SERVIR-Himalaya made its successful debut in Kathmandu, Nepal, on Oct. 5, taking the stage as the third global node in the SERVIR Regional Visualization and Monitoring System. SERVIR-Himalaya expands the collaboration between NASA, the U.S. Agency for International Development, or USAID, and international partners to meet development challenges by "linking space to village."
The partners inaugurated the state-of-the-art regional monitoring system at a ribbon-cutting ceremony attended by NASA Administrator Charles Bolden and Michael Yates, senior deputy assistant administrator of USAID's Bureau for Economic Growth, Agriculture and Trade. The team at SERVIR-Himalaya's host institution, the International Centre for Integrated Mountain Development, or ICIMOD, was represented by Director General Andreas Schild and Basanta Shrestha, division head of ICIMOD's Mountain Environment and Natural Resources Information System.

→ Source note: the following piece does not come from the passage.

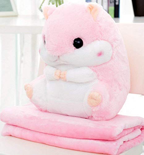 YunNasi 2 i 1 hamster, gosedjur, hamster, kudde med gosig filt, supersöt present till barn och flickvän (rosa)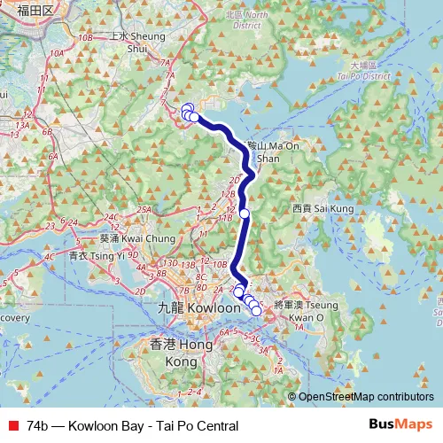 Bus 74b - Kowloon Bay - Tai Po Central in Tai Po: Stops & Timetable

Mr. Shrestha highlighted the local perspective on the Himalayan node launch: "Through the partnership with USAID and NASA on SERVIR-Himalaya, ICIMOD will be able to augment its capacity and its network of cooperative partners in the region to use Earth observation for societal benefits of the mountain communities." SERVIR features web-based access to satellite imagery, decision-support tools and interactive visualization capabilities. It puts previously inaccessible information into the hands of scientists, environmental managers and decision-makers.
Indeed, the name SERVIR comes from the Spanish verb "to serve," and SERVIR-Himalaya will serve the Hindu Kush-Himalaya region, including the partner nations of Afghanistan, Bangladesh, Bhutan, China, India, Nepal and Pakistan.
Approximately 1.3 billion people depend on the ecosystem services provided by the Himalayan mountains, yet the region is known as Earth's "third pole" because of its inaccessibility and the vast amount of water stored there in the form of ice and snow. SERVIR will integrate Earth science data from NASA satellites with geospatial information products from other government agencies to support and expand ICIMOD's focus on critical regional issues such as disaster management, biodiversity conservation, trans-boundary air pollution, snow and glacier monitoring, mountain ecosystem management and climate change adaptation.
It's no wonder that Prof. José Achache, director of the Group on Earth Observations, touted SERVIR-Himalaya as furthering the Global Earth Observing System of Systems or GEOSS. SERVIR was developed in coordination with the group, which includes more than 80 nations working together to build GEOSS to serve the needs of people the world over.
SERVIR grew out of collaboration between USAID and researchers at NASA's Marshall Space Flight Center in Huntsville, Ala.
"NASA's science mission begins here on Earth, with greater awareness and understanding of our changing planet, and solutions for protecting our environment, resources and human lives," Administrator Bolden said.
"The SERVIR technology and our partnership with various organizations and people around the globe reflect NASA's commitment to improving life on our home planet for all people," he added.
According to Mr. Yates, USAIDs perspective reflects a similar goal. "We are pleased to work with our partners in Nepal, and in other regions of the world, to build capacity to use satellite data and mapping technologies for making practical decisions that improve peoples lives," he said.
Since 2005, SERVIR has served the Mesoamerican region and the Dominican Republic from the Water Center for the Humid Tropics of Latin America and the Caribbean, which is based in Panama. SERVIR also has served East Africa since 2008, operating from the Regional Center for Mapping of Resources for Development in Nairobi, Kenya.